→ Problem to work on
Because the copy must hold no pictures, return the data below with all of its words intact.

[Records contained in a dataset]

:::

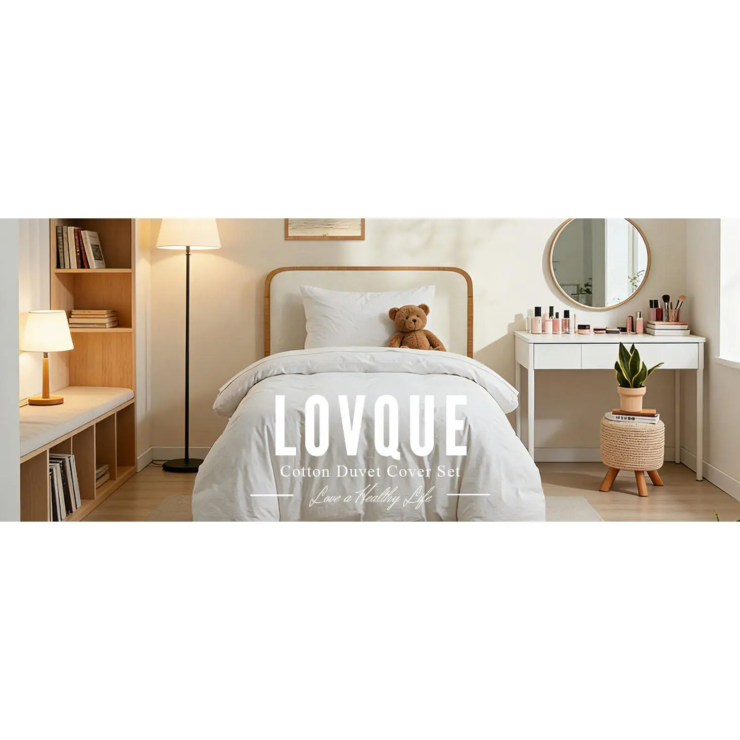 Our Duvet Cover Set, made from 100% washed cotton, offers luxurious comfort, breathability, and skin-friendliness for a deep, hypoallergenic sleep.
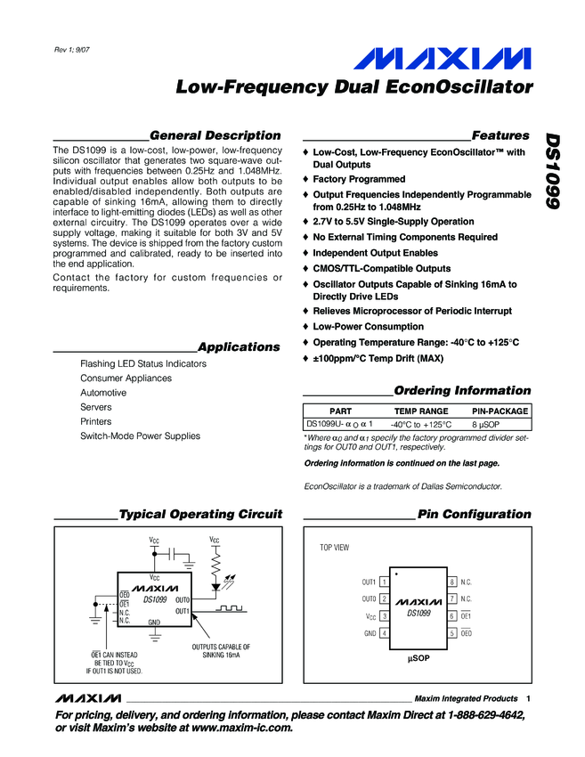 DS1099 Low-Frequency Dual EconOscillator
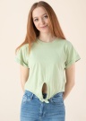 Jauneklīgs Vero Moda t-krekls ir populāra un jauneklīga. Vienkāršs un ar īsāku piegriezumu t-krekls ir ar patīkamu pieskārienu un ar apaļu kakla izgriezumu. Valkāšanas komfortu nodrošina materiāla elastīgums , kā arī malas apakšā ir sasiešanas lentes. Saskaņo ar dažādiem apģērbiem un radi jaunus stilus! Foto: augums 174 cm valkā S izmēru.
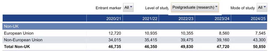 In a November 2025 survey conducted by the British Universities International Liaison Association (BUILA), 42 of 69 responding universities (61%) reported a decrease in postgraduate commencements for the academic year beginning September 2025.
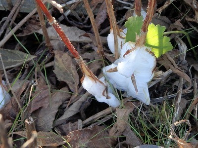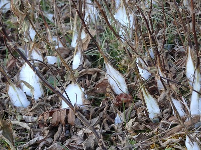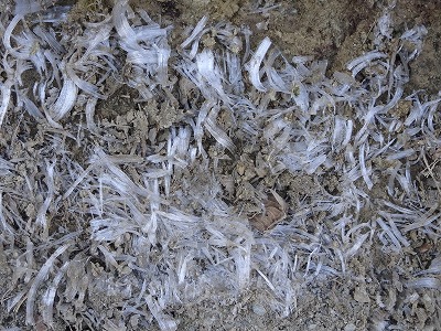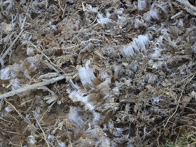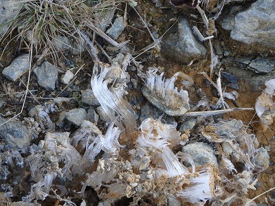 高城山が正面に見える所ではテンニンソウの枯れた茎にシモバシラ(氷華)がビッシリと出来ている。
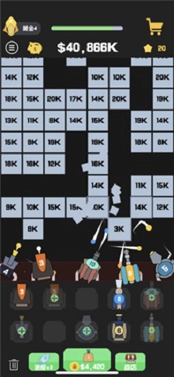 2.大量属性不同的砖块,升级你的战机去粉碎它们。
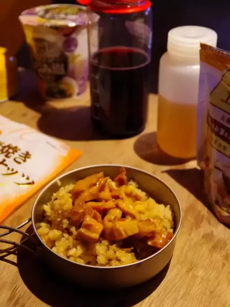 山飯から就寝までの寛ぎの時間を照らすのはHEXAR UL3&UL4。底部の強力なマグネットは山でも意外と役立ちます。広範囲を照らすので調理や片付けもはかどりますよ。
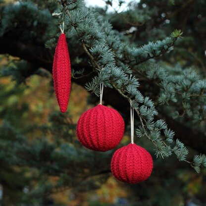 The pattern includes written instruction and chart (it is not necessary to read charts) for making cabled icicle and small and large baubles.

:::

→ Response for this exercise
 Our Duvet Cover Set, made from 100% washed cotton, offers luxurious comfort, breathability, and skin-friendliness for a deep, hypoallergenic sleep.
 DS1099 Low-Frequency Dual EconOscillator
 Jauneklīgs Vero Moda t-krekls ir populāra un jauneklīga. Vienkāršs un ar īsāku piegriezumu t-krekls ir ar patīkamu pieskārienu un ar apaļu kakla izgriezumu. Valkāšanas komfortu nodrošina materiāla elastīgums , kā arī malas apakšā ir sasiešanas lentes. Saskaņo ar dažādiem apģērbiem un radi jaunus stilus! Foto: augums 174 cm valkā S izmēru.
 In a November 2025 survey conducted by the British Universities International Liaison Association (BUILA), 42 of 69 responding universities (61%) reported a decrease in postgraduate commencements for the academic year beginning September 2025.
 高城山が正面に見える所ではテンニンソウの枯れた茎にシモバシラ(氷華)がビッシリと出来ている。
 2.大量属性不同的砖块,升级你的战机去粉碎它们。
 山飯から就寝までの寛ぎの時間を照らすのはHEXAR UL3&UL4。底部の強力なマグネットは山でも意外と役立ちます。広範囲を照らすので調理や片付けもはかどりますよ。
 The pattern includes written instruction and chart (it is not necessary to read charts) for making cabled icicle and small and large baubles.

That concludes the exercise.